Although TOO inference methods usually perform well in cross-validation, they are often insufficient when tested on independent samples, particularly those with cancer metastasis. Furthermore, a comprehensive comparison on the effects of different gene normalization methods, feature selection techniques and classification algorithms is yet to be conducted. Here, we designed a computational framework to infer TOO based on machine learning integrating normalization, feature selection, training and testing processes. We also conducted a comprehensive analysis of different normalization, feature selection and classification methods. Based on the analysis, we proposed a model that employs the most effective combination of normalization, feature selection and classification method. Finally, we evaluated the performance of our trained model on independent datasets.

Results

Dataset preparation

We collected RNA-seq data from two sources in this study. First, we collected a 10,304-sample data from The Cancer Genome Atlas (TCGA) and further split it into a 9911-sample primary dataset and 393-sample metastatic dataset, as described in Materials and Methods. For independent validation, We obtained a 1988-sample dataset from The International Cancer Genome Consortium (ICGC)38. We present the details for all datasets used in Table 1.
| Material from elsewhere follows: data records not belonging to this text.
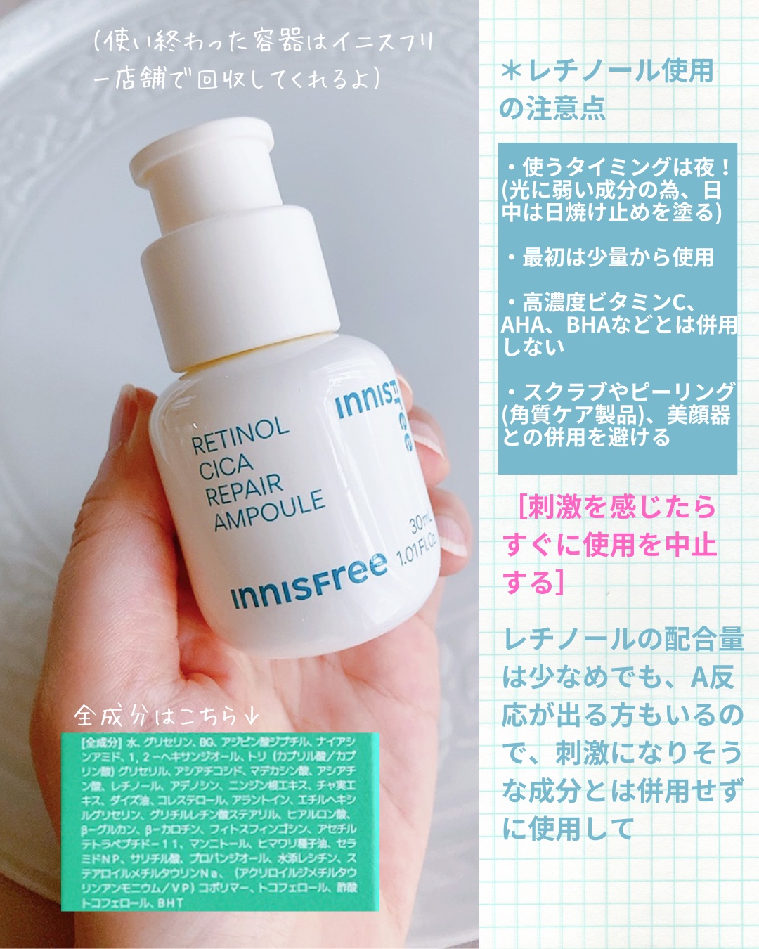 - <【旧】50mL> 水、グリセリン、BG、アジピン酸ジブチル、ナイアシンアミド、1,2-ヘキサンジオール、トリ(カプリル酸/カプリン酸)グリセリル、アシアチコシド、マデカシン酸、アシアチン酸、レチノール、アデノシン、ニンジン根エキス、チャ実エキス、ダイズ油、コレステロール、アラントイン、エチルヘキシルグリセリン、グリチルレチン酸ステアリル、ヒアルロン酸、β-グルカン、β-カロチン、フィトスフィンゴシン、アセチルテトラペプチド-11、マンニトール、ヒマワリ種子油、セラミドNP、サリチル酸、プロパンジオール、水添レシチン、ステアロイルメチルタウリンNa、(アクリロイルジメチルタウリンアンモニウム/VP)コポリマー、トコフェロール、酢酸トコフェロール、BHT <【旧】30mL> 水、グリセリン、BG、アジピン酸ジブチル、ナイアシンアミド、1,2-ヘキサンジオール、トリ(カプリル酸/カプリン酸)グリセリル、アシアチコシド、マデカシン酸、アシアチン酸、レチノール、アデノシン、ニンジン根エキス、チャ実エキス、ダイズ油、コレステロール、アラントイン、エチルヘキシルグリセリン、グリチルレチン酸ステアリル、ヒアルロン酸、β-グルカン、β-カロチン、フィトスフィンゴシン、アセチルテトラペプチド-11、マンニトール、ヒマワリ種子油、セラミドNP、サリチル酸、プロパンジオール、水添レシチン、ステアロイルメチルタウリンNa、(アクリロイルジメチルタウリンアンモニウム/VP)コポリマー、トコフェロール、酢酸トコフェロール、BHT <本体30mL> 水、グリセリン、BG、アジピン酸ジブチル、ナイアシンアミド、1,2-ヘキサンジオール、トリ(カプリル酸/カプリン酸)グリセリル、アシアチコシド、マデカシン酸、アシアチン酸、レチノール、アデノシン、ニンジン根エキス、チャ実エキス、ダイズ油、コレステロール、アラントイン、エチルヘキシルグリセリン、グリチルレチン酸ステアリル、ヒアルロン酸、β-グルカン、β-カロチン、フィトスフィンゴシン、アセチルテトラペプチド-11、マンニトール、ヒマワリ種子油、セラミドNP、サリチル酸、プロパンジオール、水添レシチン、ステアロイルメチルタウリンNa、(アクリロイルジメチルタウリンアンモニウム/VP)コポリマー、トコフェロール、酢酸トコフェロール、BHT <レチノール シカ × サンケア セット> 水、BG、グリセリン、トコフェロール、アジピン酸ジブチル、プロパンジオール、エチルヘキシルグリセリン、ヒアルロン酸、水添レシチン、セラミドNP、ダイズ油、コレステロール、フィトスフィンゴシン、マンニトール、酢酸トコフェロール、ニンジン根エキス、レチノール、グリチルレチン酸ステアリル、アラントイン、ヒマワリ種子油、(アクリロイルジメチルタウリンアンモニウム/VP)コポリマー、トリ(カプリル酸/カプリン酸)グリセリル、BHT、アセチルテトラペプチド-11、ナイアシンアミド、サリチル酸、ステアロイルメチルタウリンNa、β-カロチン、アデノシン、β-グルカン、アシアチコシド、マデカシン酸、アシアチン酸、チャ実エキス、1,2-ヘキサンジオール <Steven Harrington × INNISFREEセット> 水、BG、グリセリン、トコフェロール、アジピン酸ジブチル、プロパンジオール、エチルヘキシルグリセリン、ヒアルロン酸、水添レシチン、セラミドNP、ダイズ油、コレステロール、フィトスフィンゴシン、マンニトール、酢酸トコフェロール、ニンジン根エキス、レチノール、グリチルレチン酸ステアリル、アラントイン、ヒマワリ種子油、(アクリロイルジメチルタウリンアンモニウム/VP)コポリマー、トリ(カプリル酸/カプリン酸)グリセリル、BHT、アセチルテトラペプチド-11、ナイアシンアミド、サリチル酸、ステアロイルメチルタウリンNa、β-カロチン、アデノシン、β-グルカン、アシアチコシド、マデカシン酸、アシアチン酸、チャ実エキス、1,2-ヘキサンジオール <ホリデー レチノール シカ リペア セラム スペシャルセット> 水、グリセリン、BG、アジピン酸ジブチル、ナイアシンアミド、1,2-ヘキサンジオール、トリ(カプリル酸/カプリン酸)グリセリル、アシアチコシド、マデカシン酸、アシアチン酸、レチノール、アデノシン、ニンジン根エキス、チャ実エキス、ダイズ油、コレステロール、アラントイン、エチルヘキシルグリセリン、グリチルレチン酸ステアリル、ヒアルロン酸、β-グルカン、β-カロチン、フィトスフィンゴシン、アセチルテトラペプチド-11、マンニトール、ヒマワリ種子油、セラミドNP、サリチル酸、プロパンジオール、水添レシチン、ステアロイルメチルタウリンNa、(アクリロイルジメチルタウリンアンモニウム/VP)コポリマー、トコフェロール、酢酸トコフェロール、BHT
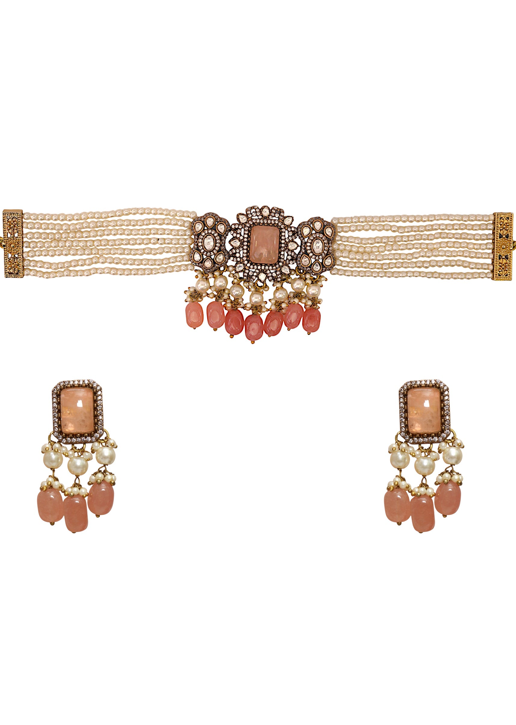 Peach Modern Polki Geometric Pendant Necklace and Earrings Set
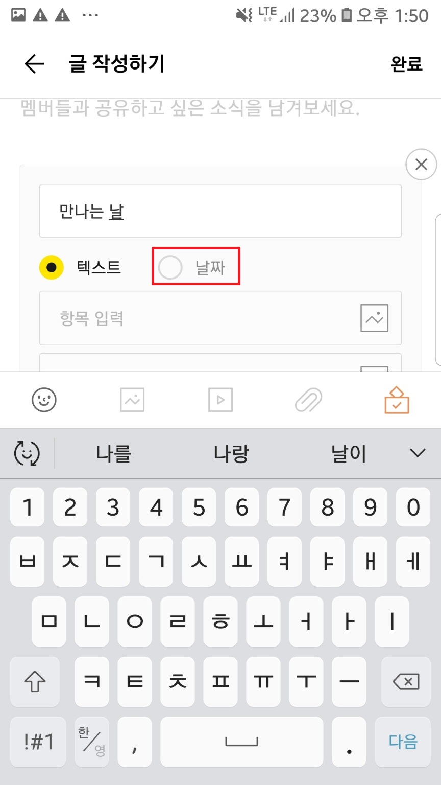만약 약속 날짜를 정하고 있다면, 텍스트 옆 날짜를 체크해서 날짜 선택을 클릭해보세요.
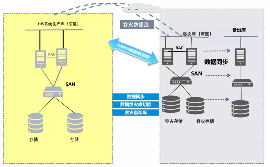 首先在河医院区数据中心建立HIS系统oracle 11g数据库,并将郑东院区数据迁移至河医院区,完成后把业务系统切换到河医院区,由河医院区暂提供对外业务。
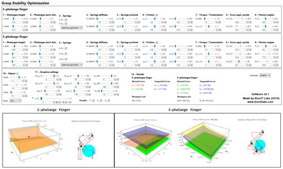 The software toolbox provides a useful tool to simplify the grasp-state space analysis and parametric optimization. It was developed under the Wolfram Mathematica environment [14]. The graphical user interface (GUI) is shown in Figure 7. It consists of four main areas. The first row (2-phalanx finger) and the second row (3-phalanx finger) refer to the finger geometric parameters explained in the previous sections; the third row collects the parameters relative to the target object (position, size, shape), other parameters used to define the limits of the grasp-state space, and the constraints on the normal and tangential contact forces both for two- and three-phalanx fingers; the fourth row includes the graphs that represents the grasp-state space and the scheme of the two-phalanx finger on the left side, whereas two graphs representing the grasp-state spaces and and the scheme of the three-phalanx finger are shown on the right side. Each subsection of the GUI is explained in more detail in the remainder of the paper.

Table 1 Datasets used in this study.

The TCGA primary dataset covering 33 main cancers (all cancer abbreviations are supplied in Table 1) were collected. We also merged the two cancers, colon adenocarcinoma (COAD) and rectum adenocarcinoma (READ) to COADREAD, since they have similar molecular profiles39. As a result, we used 32 cancer types from TCGA. The TCGA dataset contains 9911 primary tumor samples covering all 32 cancers and 393-metastatic tumor samples covering 11 cancers. The ICGC dataset contains 1988 samples and covered 10 cancers. We used the TCGA primary dataset to train our model, and used the TCGA metastatic dataset and the ICGC dataset to access our model.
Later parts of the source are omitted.